DE1167514B - Process for the production of profiles from fiber-reinforced, hardenable synthetic resin - Google Patents

Description

Process for the production of profiles from fiber-reinforced, hardenable Synthetic resin The invention relates to a method for producing profiles of any in particular open cross-sectional shape made of fiber-reinforced, hardenable synthetic resin, in which synthetic resin-soaked fiber strands or fabric tapes with a thermoplastic Plastic encased and deformed and the synthetic resin is cured.

Processes are already known in which the strands of fiberglass existing fiber reinforcements by one with an unsaturated polyester resin Filled tub are drawn and in a profile tube brought to the hardening temperature the curing or polymerisation of the synthetic resin is carried out. Also is one Method known in which the curing in a step-by-step process takes place in a similar manner and the strand or the finished profile is withdrawn piece by piece will. Most of them are behind the first, consisting of the profile tube described Hardening zone several others connected behind it, through which the strand passed and is brought to complete hardening.

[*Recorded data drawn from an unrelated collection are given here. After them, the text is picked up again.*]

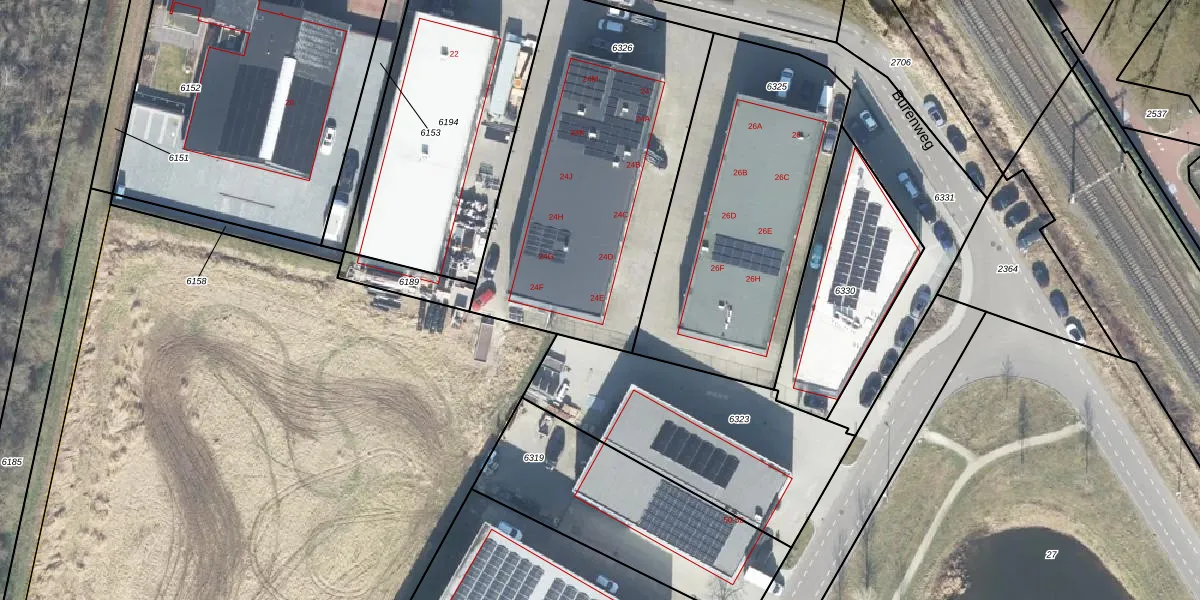 Burenweg 24-e is gelegen op kadastraal perceel BNE00D6326. Deze kadastrale aanduiding is uniek en wordt gebruikt door het Kadaster om eigendomsrechten en andere zakelijke rechten vast te leggen. Het perceel maakt onderdeel uit van de kadastrale gemeente Borne.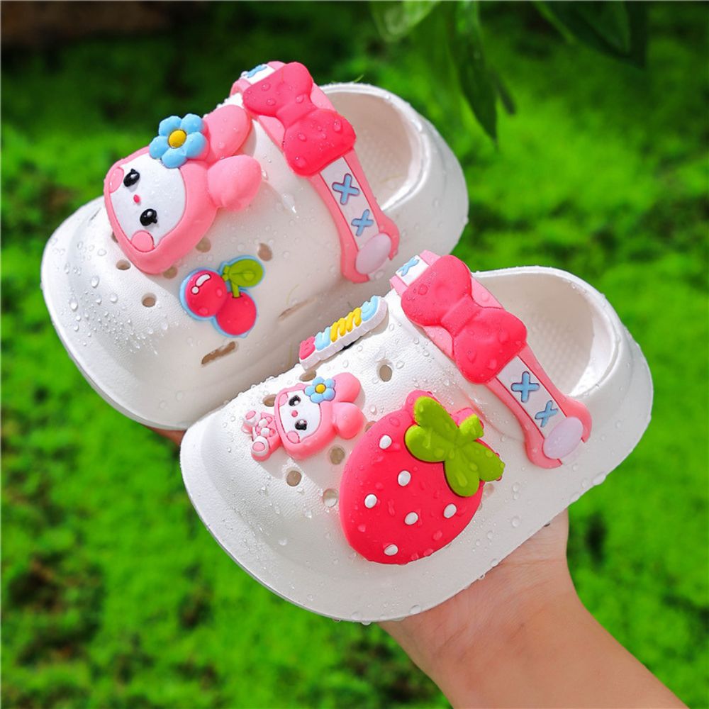 Children's Cartoon Embellished Slip-On Clogs – White with Colorful 3D Decorations Description:Step into comfort and...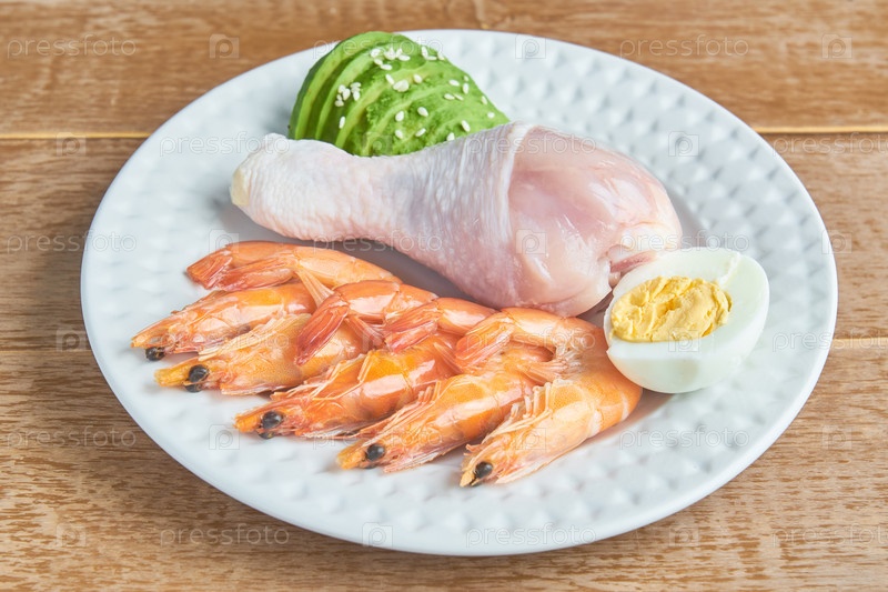 Хорошие источники жира на тарелке - курица, морепродукты, яйца, авокадо, кунжут. концепция здорового питания и кетогенной диеты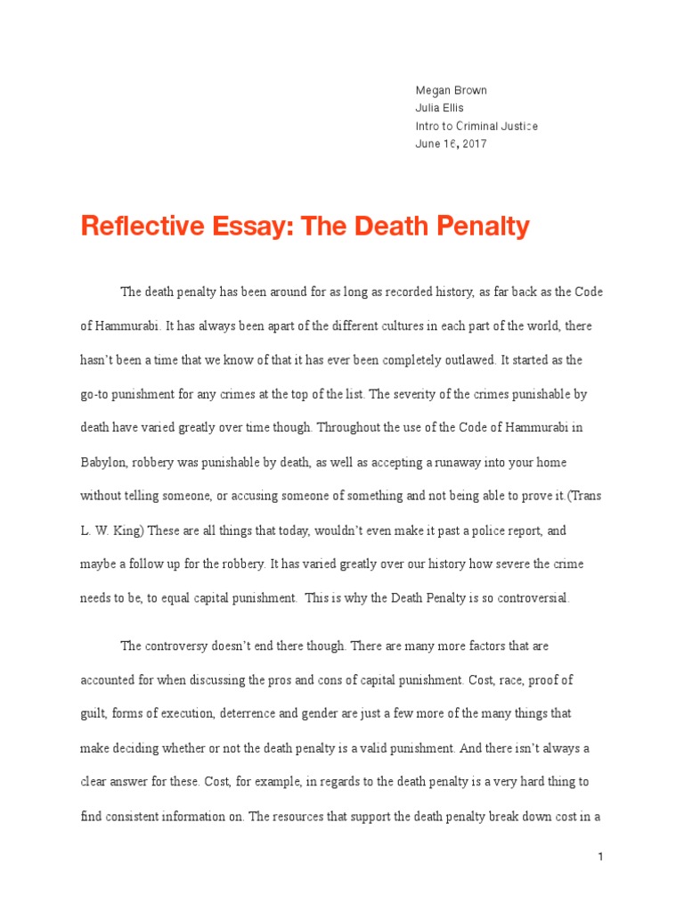 The death penalty essay. The death penalty is such a controversial topic there will never be a correct answer. Death penalty was introduced with the sole purpose of deterring people from committing violent crimes. First of all it helps the criminal to remorse and become a good citizen.

With these working methods, however, it is only possible to have straight profiles to produce, since the curing takes place under considerable tensile stress, the production a curved profile is therefore excluded. Furthermore, these have been described Method has the disadvantage that the required profile tube with complicated cross-sectional shapes is difficult to manufacture and there are also high frictional forces in this pipe, which have a heavy load on the trigger mechanism and not infrequently lead to the tearing of the strand in the profile tube, making them unusable.

Another method suggests resin-soaked fiber strands in pulling in a tubular sheath made of a thermoplastic material, to deform and then harden. So it is z. B. possible when wrapping a Round rod to produce spiral springs or other shaped bodies. It is a disadvantage With this method, that the application is only manual and only in very limited lengths is possible. In addition, the tubular sheath must have a relatively large thickness have in order to be able to pull in the resin-soaked fibers, and thus stands one Deformation to thin-walled profiles counteracts, especially since a continuous one Manufacturing is not possible.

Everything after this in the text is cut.